TASK TO COMPLETE | Would you reproduce exactly the lines below from the one holding "MTP31 kaos oversize" through the one holding "智能筆的設(shè)計(jì", inclusive, and no others?

DATA FOR ANALYSIS |

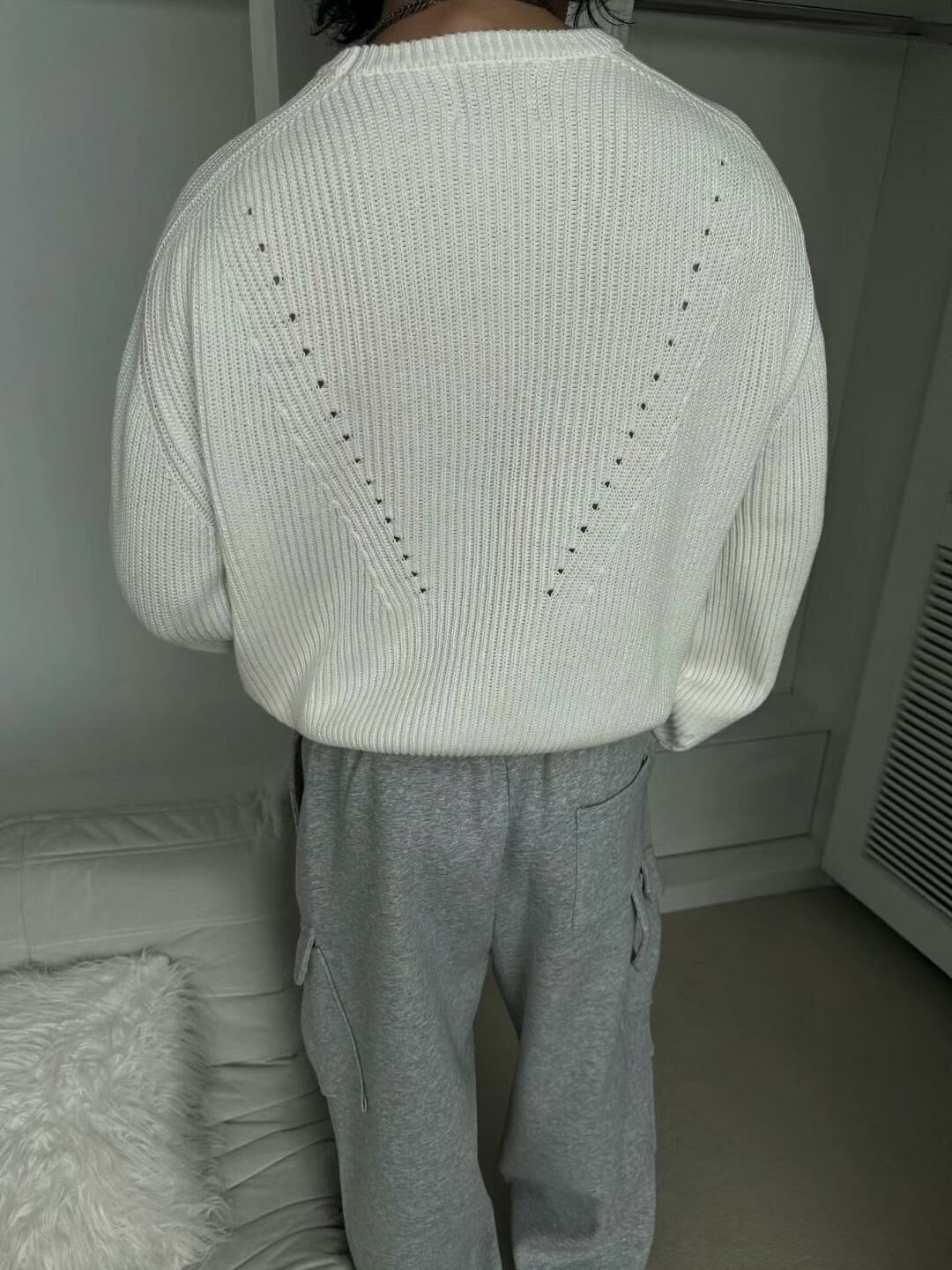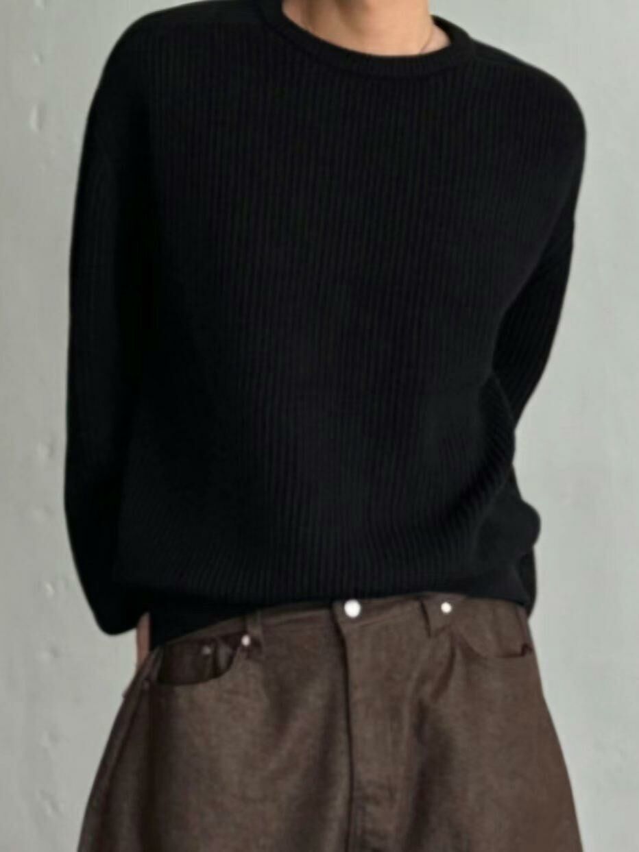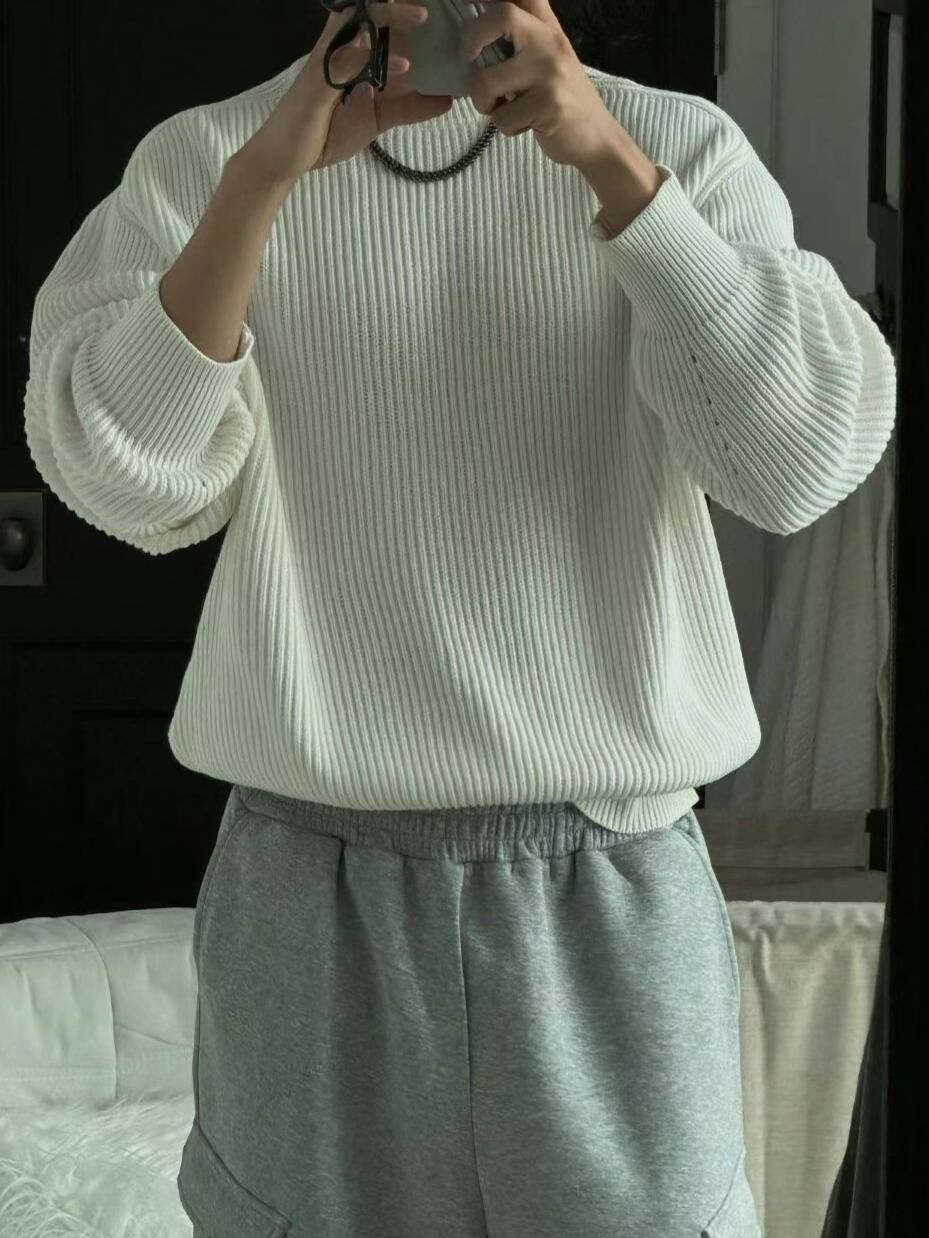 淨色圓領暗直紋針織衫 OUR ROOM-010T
* * *
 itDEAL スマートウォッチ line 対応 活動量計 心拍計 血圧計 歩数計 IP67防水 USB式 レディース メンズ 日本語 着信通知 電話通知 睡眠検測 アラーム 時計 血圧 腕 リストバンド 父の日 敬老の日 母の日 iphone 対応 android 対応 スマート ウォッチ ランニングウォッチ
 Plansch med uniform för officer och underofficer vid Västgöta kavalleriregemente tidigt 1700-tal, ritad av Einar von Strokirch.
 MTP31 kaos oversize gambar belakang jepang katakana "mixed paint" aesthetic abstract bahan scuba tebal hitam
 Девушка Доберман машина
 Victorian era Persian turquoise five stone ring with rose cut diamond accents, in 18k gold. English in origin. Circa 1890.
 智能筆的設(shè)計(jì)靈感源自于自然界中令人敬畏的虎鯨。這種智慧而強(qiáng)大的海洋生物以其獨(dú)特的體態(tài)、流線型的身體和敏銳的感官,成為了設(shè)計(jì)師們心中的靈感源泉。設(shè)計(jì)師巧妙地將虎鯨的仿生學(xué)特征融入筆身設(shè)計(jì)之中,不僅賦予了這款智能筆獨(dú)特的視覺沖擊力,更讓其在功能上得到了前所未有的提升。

ANSWER TO THE PROBLEM |
 MTP31 kaos oversize gambar belakang jepang katakana "mixed paint" aesthetic abstract bahan scuba tebal hitam
 Девушка Доберман машина
 Victorian era Persian turquoise five stone ring with rose cut diamond accents, in 18k gold. English in origin. Circa 1890.
 智能筆的設(shè)計(jì)靈感源自于自然界中令人敬畏的虎鯨。這種智慧而強(qiáng)大的海洋生物以其獨(dú)特的體態(tài)、流線型的身體和敏銳的感官,成為了設(shè)計(jì)師們心中的靈感源泉。設(shè)計(jì)師巧妙地將虎鯨的仿生學(xué)特征融入筆身設(shè)計(jì)之中,不僅賦予了這款智能筆獨(dú)特的視覺沖擊力,更讓其在功能上得到了前所未有的提升。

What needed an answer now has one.